__WHAT THIS TASK INVOLVES__
In the answer, give the entries below exactly, from the first line through the line with "其它:1、該車主要用于搶險救", with every picture omitted.

# # #

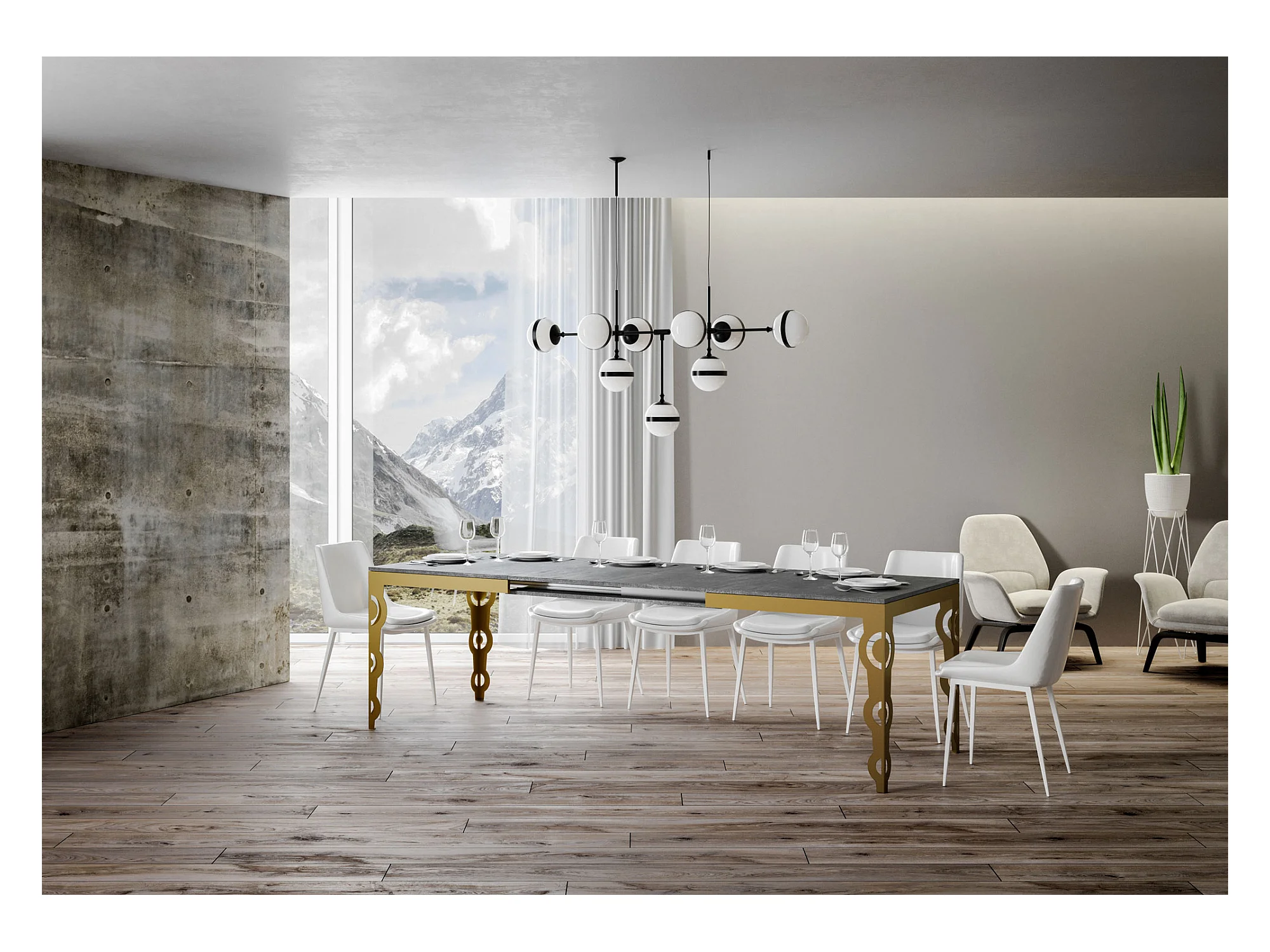 Stół rozkładany 90x120/224 cm Karamay Evolution Grey Betonowa złota rama
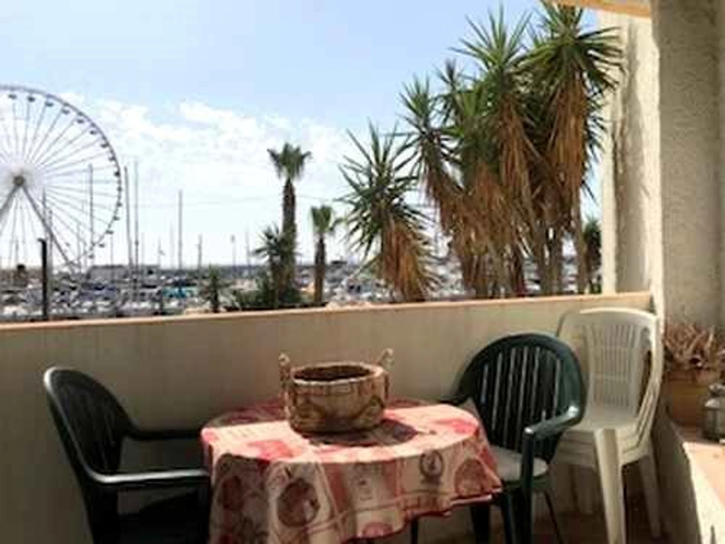Este espacioso y confortable apartamento de dos habitaciones, de aproximadamente 55 m², cuenta con un salón-comedor con zona de TV y sofá cama (para 2 personas) que da a una terraza amueblada con vistas al puerto y al mar. Dispone de una cocina independiente totalmente equipada (lavavajillas, vitrocerámica de dos fuegos, microondas y frigorífico/congelador). El dormitorio principal cuenta con una cama de matrimonio (para 2 personas) y un armario empotrado. El baño dispone de lavadora y hay un aseo independiente. Además, se encuentra cerca de la playa y las tiendas, y cuenta con una plaza de aparcamiento privada. El apartamento tiene capacidad para 4 personas.
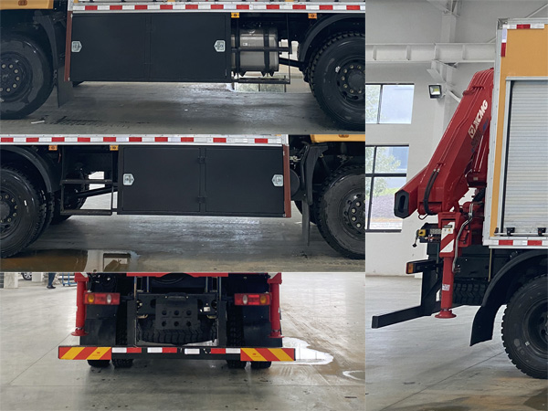 其它:1、該車主要用于搶險救災、賽事活動等的應急照明支援;主要專用裝置:照明系統,發電機組,吊機等;廂體頂部密閉,不可開啟。2、側防護為裙邊結構,材料Q235;后防護材料采用Q235,螺栓連接,截面尺寸125×60mm,下邊緣離地高485mm。3、ABS型號/生產廠家:3631010-C2000/東科克諾爾商用車制動系統(十堰)有限公司。
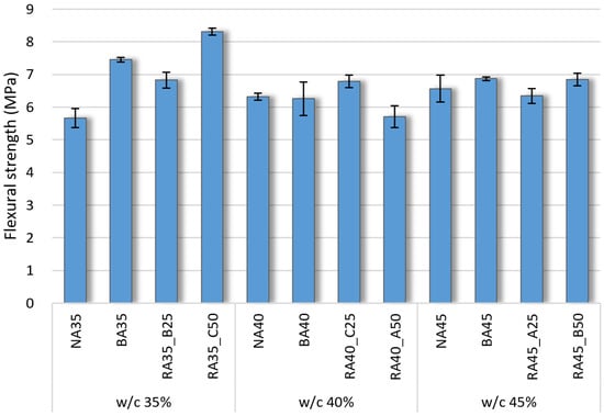 The flexural strengths of the hardened concrete specimens according to B-RA quality and replacement ratio are depicted in Figure 7, which indicates that—similar to the compressive strength—the flexural strength was not significantly impacted by the variations in water–cement ratio, as the decreasing unit water content degraded the quality of the paste. The flexural strength of the BA specimen was higher than that of the NA specimen owing to the advantages of the irregular and elongated shape of the BA aggregate. Among the B-RA specimens, the largest flexural strength was exhibited by RA35-C50 at 8.3 MPa because of its mixture of large particle-sized aggregates; however, as shown in Table 5, the quality of the RA-C aggregate in terms of fineness modulus was 6.71, while that of RA-B aggregate was 6.91. Furthermore, the old paste on the surface of the B-RA seemingly enhanced the adhesion between the new paste and the recycled aggregate, thereby contributing to the increase in flexural strength [39,40]. Moreover, the results for the RA-A specimens indicated their vulnerability to bending stress owing to the low quality and small size of this aggregate.
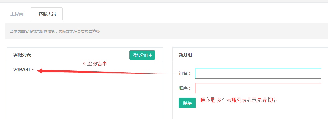 每個客服列表都可以添加客服人員。

# # #

__ANSWER__
 Stół rozkładany 90x120/224 cm Karamay Evolution Grey Betonowa złota rama
Este espacioso y confortable apartamento de dos habitaciones, de aproximadamente 55 m², cuenta con un salón-comedor con zona de TV y sofá cama (para 2 personas) que da a una terraza amueblada con vistas al puerto y al mar. Dispone de una cocina independiente totalmente equipada (lavavajillas, vitrocerámica de dos fuegos, microondas y frigorífico/congelador). El dormitorio principal cuenta con una cama de matrimonio (para 2 personas) y un armario empotrado. El baño dispone de lavadora y hay un aseo independiente. Además, se encuentra cerca de la playa y las tiendas, y cuenta con una plaza de aparcamiento privada. El apartamento tiene capacidad para 4 personas.
 其它:1、該車主要用于搶險救災、賽事活動等的應急照明支援;主要專用裝置:照明系統,發電機組,吊機等;廂體頂部密閉,不可開啟。2、側防護為裙邊結構,材料Q235;后防護材料采用Q235,螺栓連接,截面尺寸125×60mm,下邊緣離地高485mm。3、ABS型號/生產廠家:3631010-C2000/東科克諾爾商用車制動系統(十堰)有限公司。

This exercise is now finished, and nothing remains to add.